── Recorded information

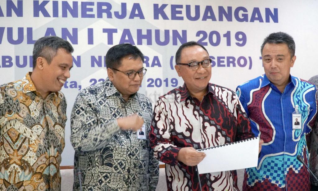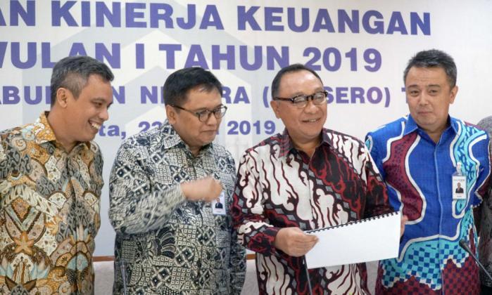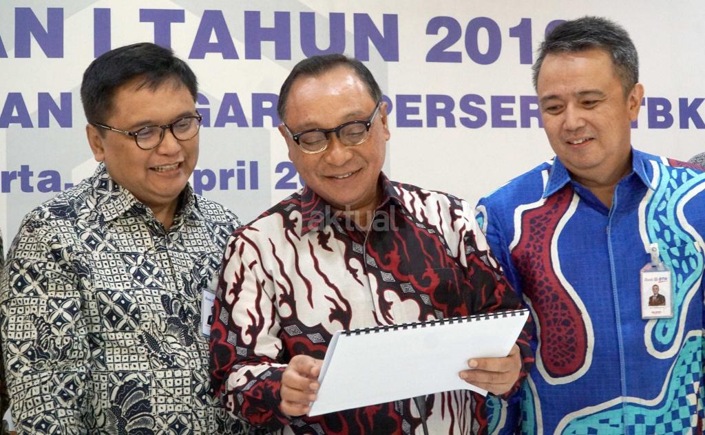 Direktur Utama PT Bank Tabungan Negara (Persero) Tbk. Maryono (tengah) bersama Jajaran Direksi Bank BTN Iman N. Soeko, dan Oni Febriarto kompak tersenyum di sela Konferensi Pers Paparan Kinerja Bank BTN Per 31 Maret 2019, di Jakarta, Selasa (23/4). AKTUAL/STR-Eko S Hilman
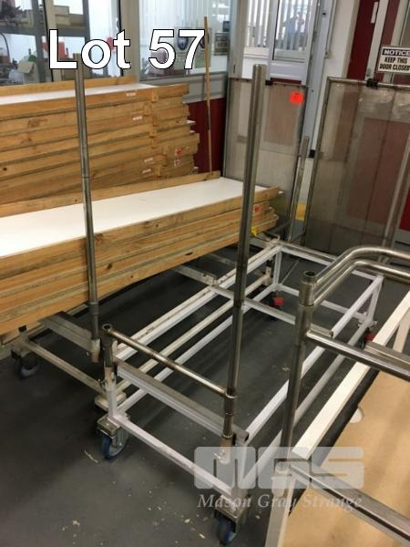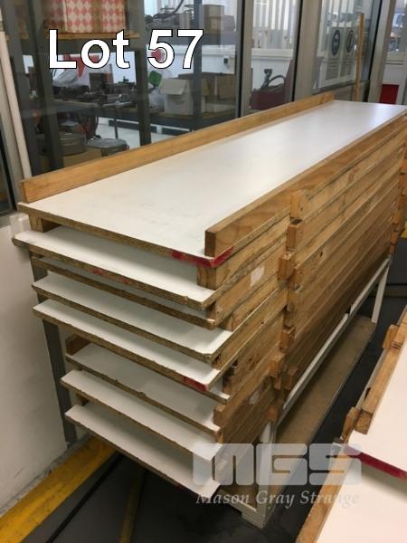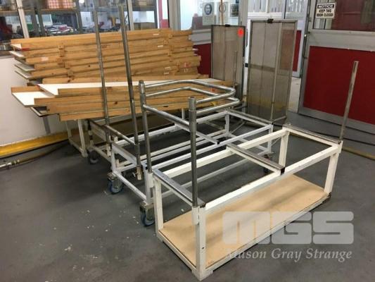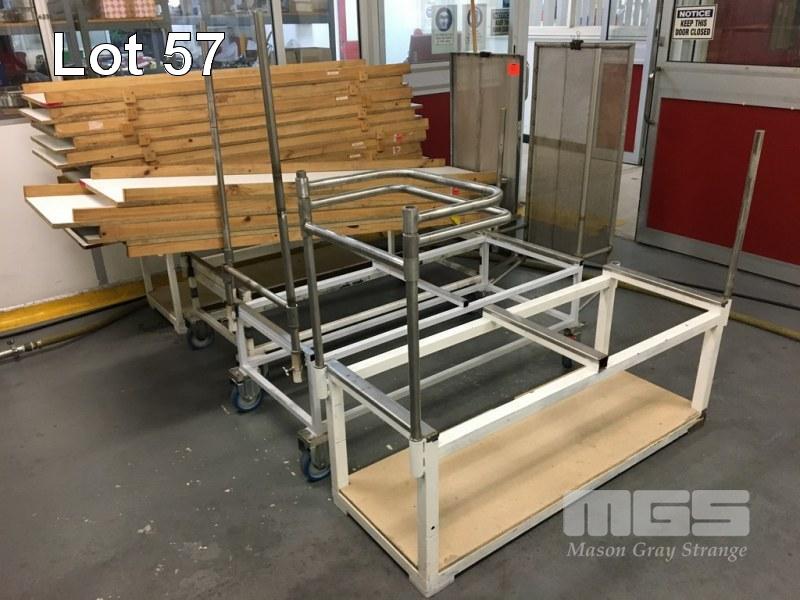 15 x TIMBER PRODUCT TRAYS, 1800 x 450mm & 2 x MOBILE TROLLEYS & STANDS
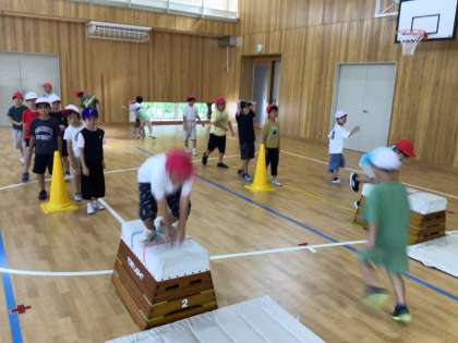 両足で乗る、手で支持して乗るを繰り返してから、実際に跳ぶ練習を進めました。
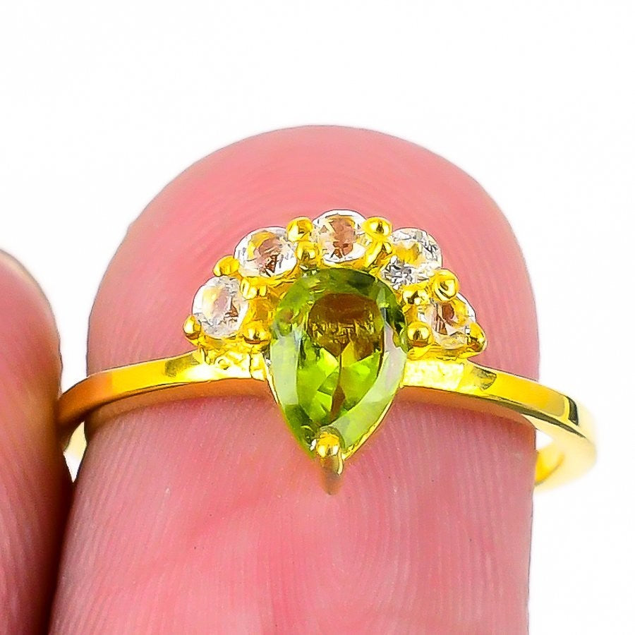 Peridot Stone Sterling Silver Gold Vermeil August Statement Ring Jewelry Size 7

────

Work item:
An exact, word-for-word version of the material is required, free of pictures.

Answer to the problem:
 Direktur Utama PT Bank Tabungan Negara (Persero) Tbk. Maryono (tengah) bersama Jajaran Direksi Bank BTN Iman N. Soeko, dan Oni Febriarto kompak tersenyum di sela Konferensi Pers Paparan Kinerja Bank BTN Per 31 Maret 2019, di Jakarta, Selasa (23/4). AKTUAL/STR-Eko S Hilman
 15 x TIMBER PRODUCT TRAYS, 1800 x 450mm & 2 x MOBILE TROLLEYS & STANDS
 両足で乗る、手で支持して乗るを繰り返してから、実際に跳ぶ練習を進めました。
 Peridot Stone Sterling Silver Gold Vermeil August Statement Ring Jewelry Size 7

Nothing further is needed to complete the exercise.